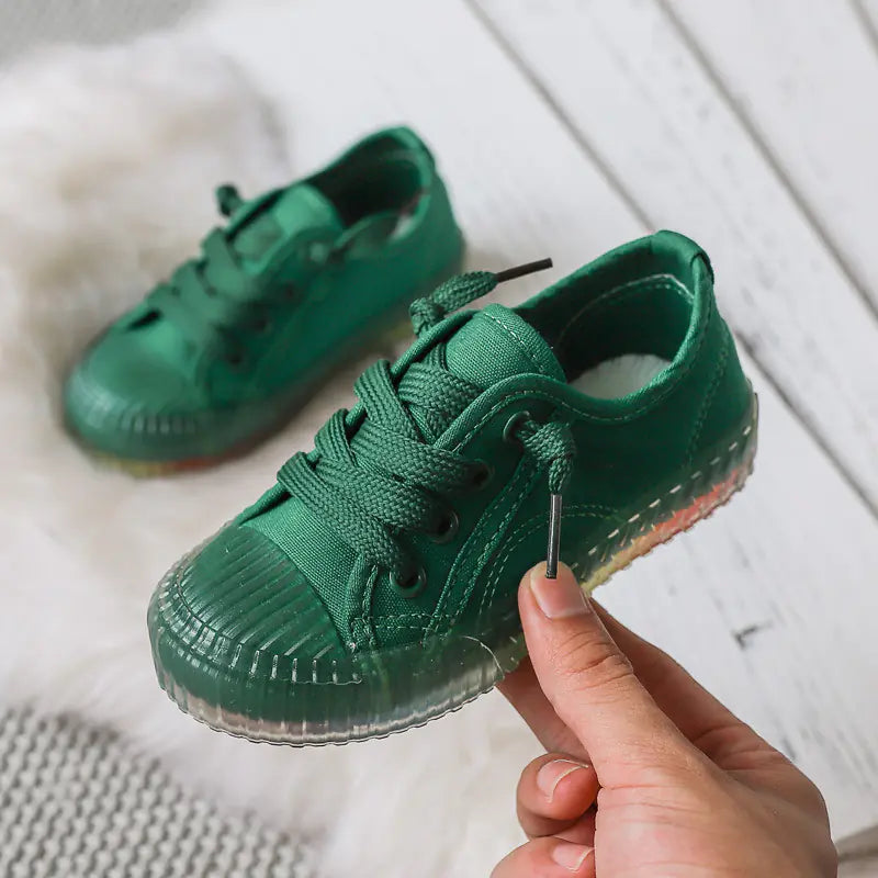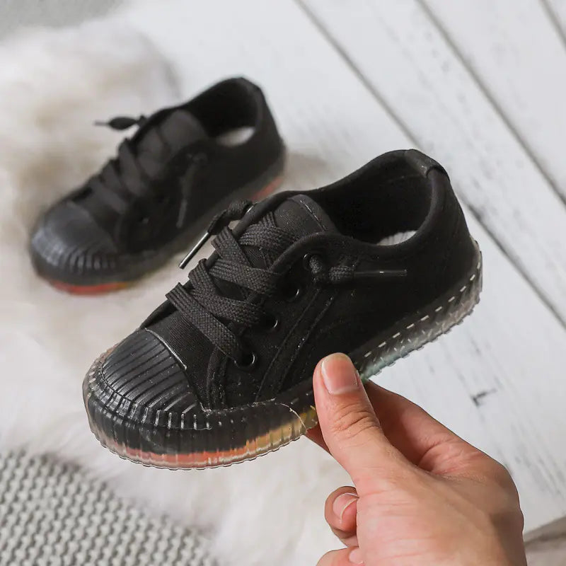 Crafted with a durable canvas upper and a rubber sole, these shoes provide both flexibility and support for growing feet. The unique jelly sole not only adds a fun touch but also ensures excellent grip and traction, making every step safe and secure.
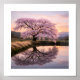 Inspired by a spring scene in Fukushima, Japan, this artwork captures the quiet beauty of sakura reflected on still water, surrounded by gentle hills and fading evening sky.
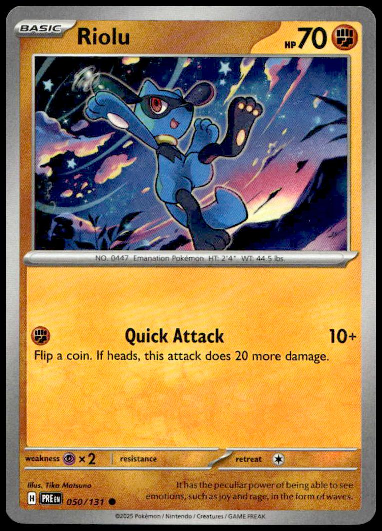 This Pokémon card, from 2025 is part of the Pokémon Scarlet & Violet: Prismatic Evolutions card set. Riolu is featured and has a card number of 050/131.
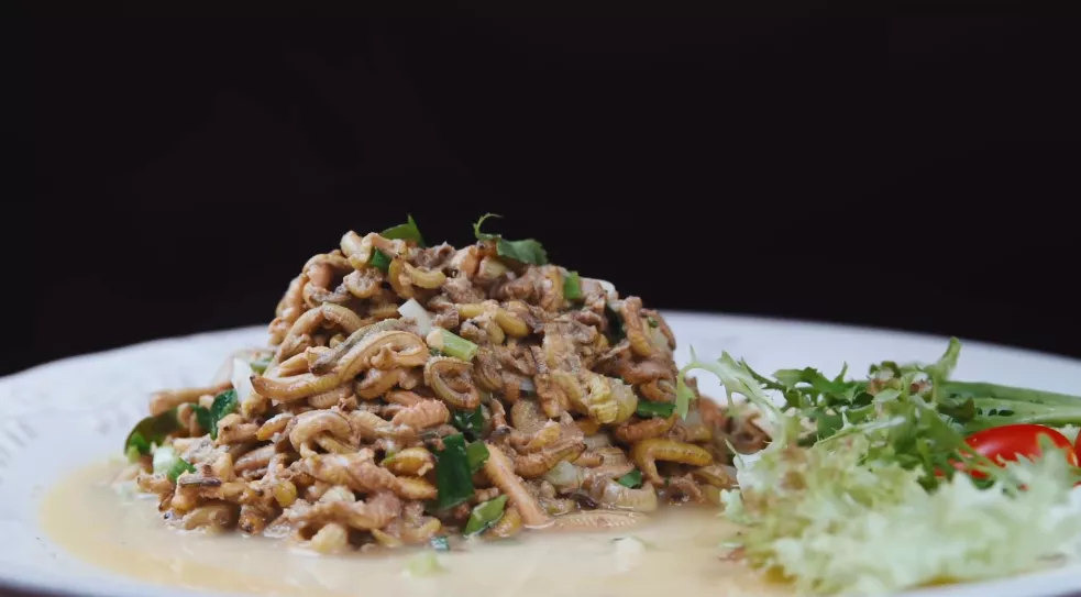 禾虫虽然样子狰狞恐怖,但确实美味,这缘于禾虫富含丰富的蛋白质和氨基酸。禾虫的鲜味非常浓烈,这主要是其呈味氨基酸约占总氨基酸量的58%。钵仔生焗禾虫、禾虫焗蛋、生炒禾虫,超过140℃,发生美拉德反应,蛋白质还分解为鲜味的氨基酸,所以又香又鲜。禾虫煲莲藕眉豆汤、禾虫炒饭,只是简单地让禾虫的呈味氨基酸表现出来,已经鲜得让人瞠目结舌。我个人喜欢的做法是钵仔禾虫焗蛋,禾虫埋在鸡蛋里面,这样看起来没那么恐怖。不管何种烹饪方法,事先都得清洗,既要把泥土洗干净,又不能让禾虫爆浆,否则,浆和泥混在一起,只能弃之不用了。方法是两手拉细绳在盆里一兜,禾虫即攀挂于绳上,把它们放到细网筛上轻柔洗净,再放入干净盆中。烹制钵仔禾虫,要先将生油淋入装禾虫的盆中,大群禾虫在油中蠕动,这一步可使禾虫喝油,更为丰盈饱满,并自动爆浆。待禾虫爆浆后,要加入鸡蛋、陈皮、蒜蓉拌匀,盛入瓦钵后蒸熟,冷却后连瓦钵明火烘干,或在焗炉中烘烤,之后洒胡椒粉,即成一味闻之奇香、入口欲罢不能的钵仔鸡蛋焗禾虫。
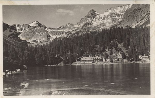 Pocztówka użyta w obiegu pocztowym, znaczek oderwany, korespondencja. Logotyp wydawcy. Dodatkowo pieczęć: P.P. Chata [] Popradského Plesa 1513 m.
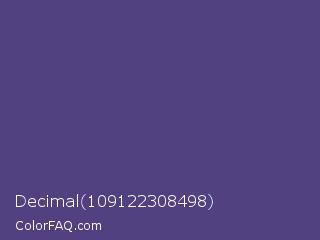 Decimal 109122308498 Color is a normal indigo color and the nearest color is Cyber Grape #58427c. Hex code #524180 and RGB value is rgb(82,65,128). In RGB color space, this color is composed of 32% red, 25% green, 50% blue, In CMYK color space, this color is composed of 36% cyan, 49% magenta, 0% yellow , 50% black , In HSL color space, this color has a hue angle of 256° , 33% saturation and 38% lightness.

...

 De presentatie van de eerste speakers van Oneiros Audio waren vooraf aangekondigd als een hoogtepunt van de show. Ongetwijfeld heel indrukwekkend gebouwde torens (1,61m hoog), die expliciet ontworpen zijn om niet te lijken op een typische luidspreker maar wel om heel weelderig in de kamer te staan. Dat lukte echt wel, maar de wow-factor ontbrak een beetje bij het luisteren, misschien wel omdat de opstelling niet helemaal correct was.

__WHAT TO PRODUCE__.
Write out word for word the lines above that run from the one with "Crafted with a" to the one with "禾虫虽然样子狰狞恐怖,但确实". Include both end lines; exclude the images.

__COMPLETED EXERCISE__.
 Crafted with a durable canvas upper and a rubber sole, these shoes provide both flexibility and support for growing feet. The unique jelly sole not only adds a fun touch but also ensures excellent grip and traction, making every step safe and secure.
 Inspired by a spring scene in Fukushima, Japan, this artwork captures the quiet beauty of sakura reflected on still water, surrounded by gentle hills and fading evening sky.
 This Pokémon card, from 2025 is part of the Pokémon Scarlet & Violet: Prismatic Evolutions card set. Riolu is featured and has a card number of 050/131.
 禾虫虽然样子狰狞恐怖,但确实美味,这缘于禾虫富含丰富的蛋白质和氨基酸。禾虫的鲜味非常浓烈,这主要是其呈味氨基酸约占总氨基酸量的58%。钵仔生焗禾虫、禾虫焗蛋、生炒禾虫,超过140℃,发生美拉德反应,蛋白质还分解为鲜味的氨基酸,所以又香又鲜。禾虫煲莲藕眉豆汤、禾虫炒饭,只是简单地让禾虫的呈味氨基酸表现出来,已经鲜得让人瞠目结舌。我个人喜欢的做法是钵仔禾虫焗蛋,禾虫埋在鸡蛋里面,这样看起来没那么恐怖。不管何种烹饪方法,事先都得清洗,既要把泥土洗干净,又不能让禾虫爆浆,否则,浆和泥混在一起,只能弃之不用了。方法是两手拉细绳在盆里一兜,禾虫即攀挂于绳上,把它们放到细网筛上轻柔洗净,再放入干净盆中。烹制钵仔禾虫,要先将生油淋入装禾虫的盆中,大群禾虫在油中蠕动,这一步可使禾虫喝油,更为丰盈饱满,并自动爆浆。待禾虫爆浆后,要加入鸡蛋、陈皮、蒜蓉拌匀,盛入瓦钵后蒸熟,冷却后连瓦钵明火烘干,或在焗炉中烘烤,之后洒胡椒粉,即成一味闻之奇香、入口欲罢不能的钵仔鸡蛋焗禾虫。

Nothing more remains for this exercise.